Edit: Because $f_{xy}=f_{yx}$, all the mixed derivatives would be taking the derivative of a constant function (where the constant is just $0$), And so they'll all be equivalent to the $0$ function.
And then I'll get that $f(x+h,y+k)=f(x,y)+kf_y+\frac12k^2f_{yy}+...$ is an expression that doesn't depend on $h$ and then $f$ is supposedly a function that only depends on $y$. But I don't really understand why this means that $f$ is only dependent on $y$. I can still have $x$'s in the partial derivatives of $f$ according to $y$, no?

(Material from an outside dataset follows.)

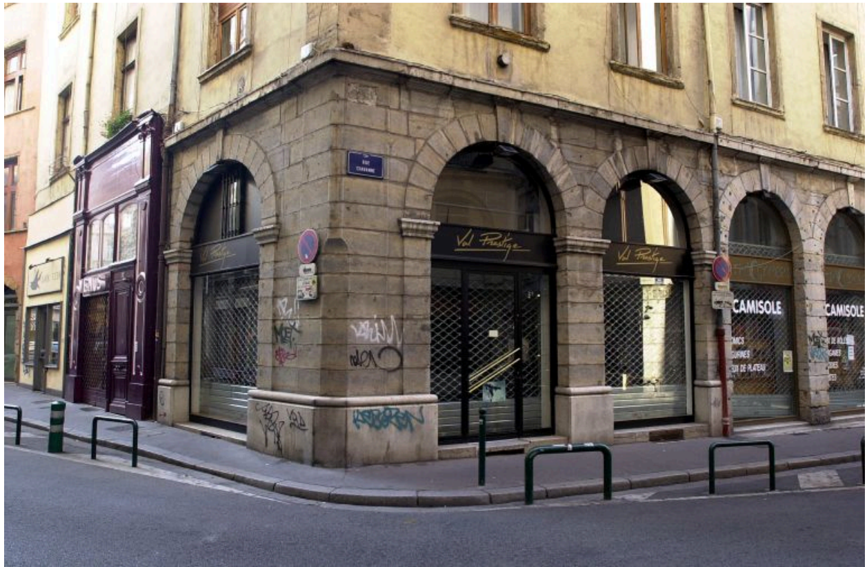
Façade nord sur la rue Chavanne, rez-de-chaussée

Presumably because $f(x,y)=f(x,-y)$ it'll then mean that $f$ only depends on $|y|$
This is probably not the easiest approach, but it should work. $$0=f(x+y,y)-f(x,y)=\sum_{n=1}^\infty \frac{\partial_x^n f(x,y)}{n!} \, y^n = \sum_{n=1}^\infty \frac{y^n}{n!} \sum_{m=0}^\infty \frac{\partial_y^m\partial_x^n f(x,y)\big|_{y=0}}{m!} \, y^m \\ =\sum_{k=1}^\infty y^k \sum_{\substack{n=1 \\ m=0\\n+m=k}}^\infty \frac{\partial_y^m\partial_x^n f(x,y)\big|_{y=0}}{n!m!} = \sum_{k=1}^\infty y^k \sum_{n=1}^{k} \frac{\partial_y^{k-n}\partial_x^n f(x,y)\big|_{y=0}}{n!(k-n)!}$$ This implies $$\sum_{n=1}^{k} \frac{\partial_y^{k-n}\partial_x^n f(x,y)\big|_{y=0}}{n!(k-n)!}=0 \, . \tag{1}$$
For $k=1$ we have $$\partial_x f(x,0)=0 \quad \Rightarrow \quad \partial_x^n f(x,0)=0$$ for all $n\in\mathbb{N}$. With this the $n=k$ term always vanishes. This then gives for $k=2$ $$\partial_y\partial_x f(x,y)\big|_{y=0} = 0 \quad \Rightarrow \quad \partial_y\partial_x^n f(x,y)\big|_{y=0}=0 \quad \forall n\in\mathbb{N}.$$ It then follows that the $n=k-1$ term always vanishes. Now suppose $$\partial_y^m\partial_x^n f(x,y)\big|_{y=0}=0 \quad \forall n\in\mathbb{N} \, \text{ and } \, 0\leq m\leq k-2$$ by which (1) reduces to $$\partial_y^{k-1}\partial_x f(x,y)\big|_{y=0}=0 \quad \Rightarrow \quad \partial_y^{k-1}\partial_x^n f(x,y)\big|_{y=0}=0 \quad \forall n \in \mathbb{N} \, .$$ As a result $$\partial_y^{m}\partial_x^n f(x,y)\big|_{y=0}=0 \quad \forall n\in\mathbb{N} \, \text{ and } \, \forall m \in \mathbb{Z}_{\geq 0} \, . \tag{2}$$ Now using (2) $$f(x,y)=\sum_{m=0}^\infty \frac{\partial_y^m f(x,y)\big|_{y=0}}{m!} \, y^m \\ \Rightarrow \quad \partial_x f(x,y)=\sum_{m=0}^\infty \frac{\partial_y^m \partial_x f(x,y)\big|_{y=0}}{m!} \, y^m = 0$$ for all $x$ and $y$, which is the required result.
Just wondering: The evenness in $y$ wasn't used here. Why did you think it was necessary?